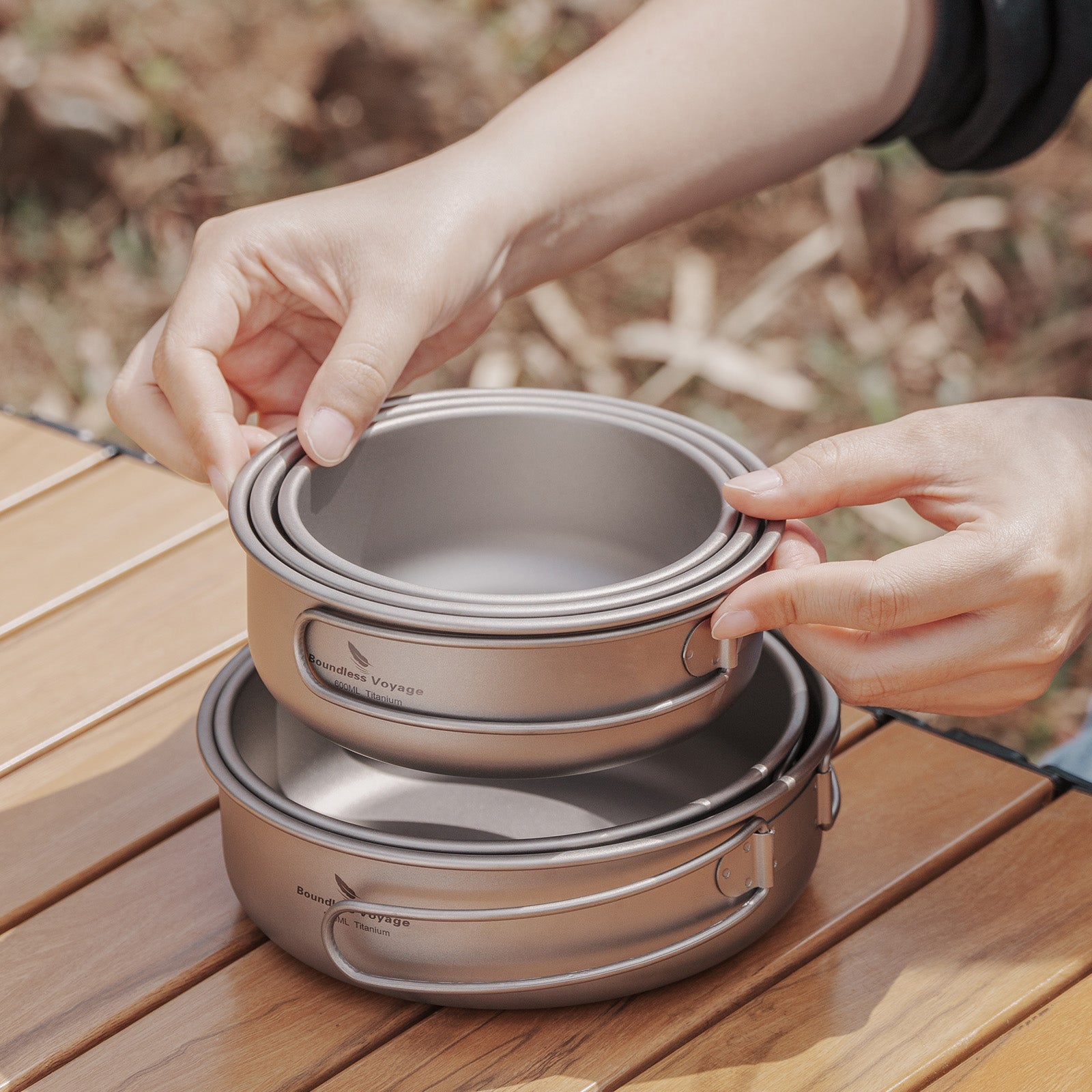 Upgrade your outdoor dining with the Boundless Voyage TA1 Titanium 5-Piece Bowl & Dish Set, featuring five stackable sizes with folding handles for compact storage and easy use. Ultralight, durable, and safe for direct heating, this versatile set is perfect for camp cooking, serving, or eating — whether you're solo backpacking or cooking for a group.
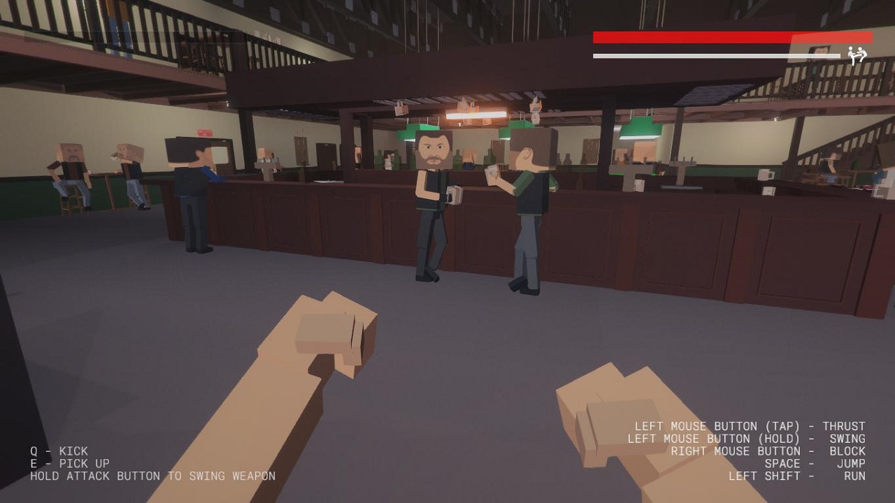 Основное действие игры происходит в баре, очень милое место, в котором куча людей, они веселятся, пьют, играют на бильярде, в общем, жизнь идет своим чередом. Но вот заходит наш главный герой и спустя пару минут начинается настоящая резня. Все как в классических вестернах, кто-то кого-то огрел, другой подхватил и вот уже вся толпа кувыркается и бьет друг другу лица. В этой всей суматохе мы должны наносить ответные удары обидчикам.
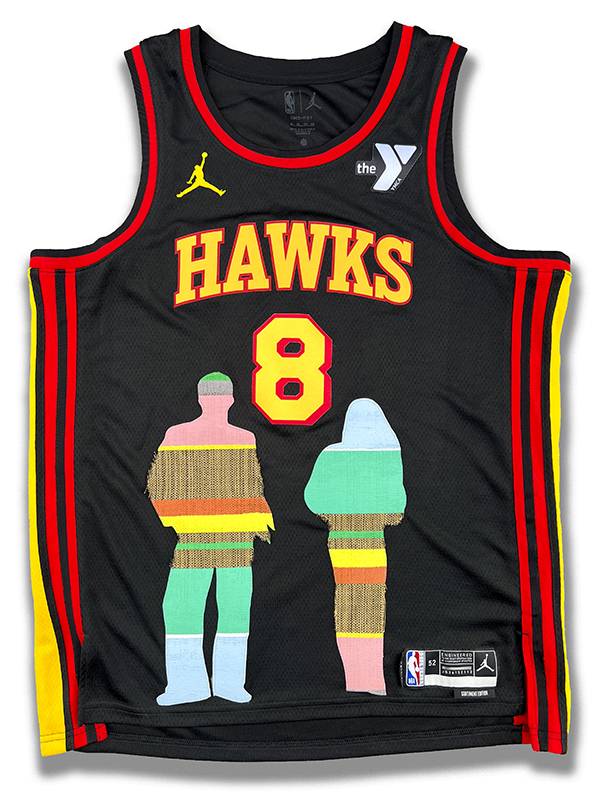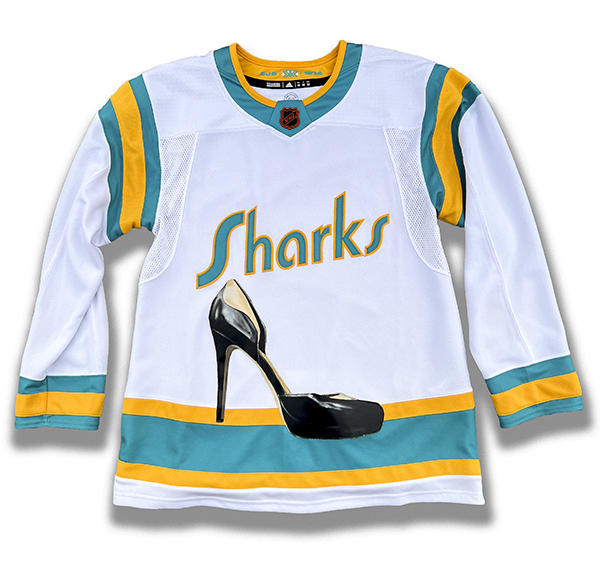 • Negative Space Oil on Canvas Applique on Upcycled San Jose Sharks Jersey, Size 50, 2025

■ ■ ■ ■

## WHAT THIS TASK INVOLVES:
Your copy should hold all the data word for word. It should hold no pictures.

## FINISHED TASK:
 Upgrade your outdoor dining with the Boundless Voyage TA1 Titanium 5-Piece Bowl & Dish Set, featuring five stackable sizes with folding handles for compact storage and easy use. Ultralight, durable, and safe for direct heating, this versatile set is perfect for camp cooking, serving, or eating — whether you're solo backpacking or cooking for a group.
 Основное действие игры происходит в баре, очень милое место, в котором куча людей, они веселятся, пьют, играют на бильярде, в общем, жизнь идет своим чередом. Но вот заходит наш главный герой и спустя пару минут начинается настоящая резня. Все как в классических вестернах, кто-то кого-то огрел, другой подхватил и вот уже вся толпа кувыркается и бьет друг другу лица. В этой всей суматохе мы должны наносить ответные удары обидчикам.
 • Negative Space Oil on Canvas Applique on Upcycled San Jose Sharks Jersey, Size 50, 2025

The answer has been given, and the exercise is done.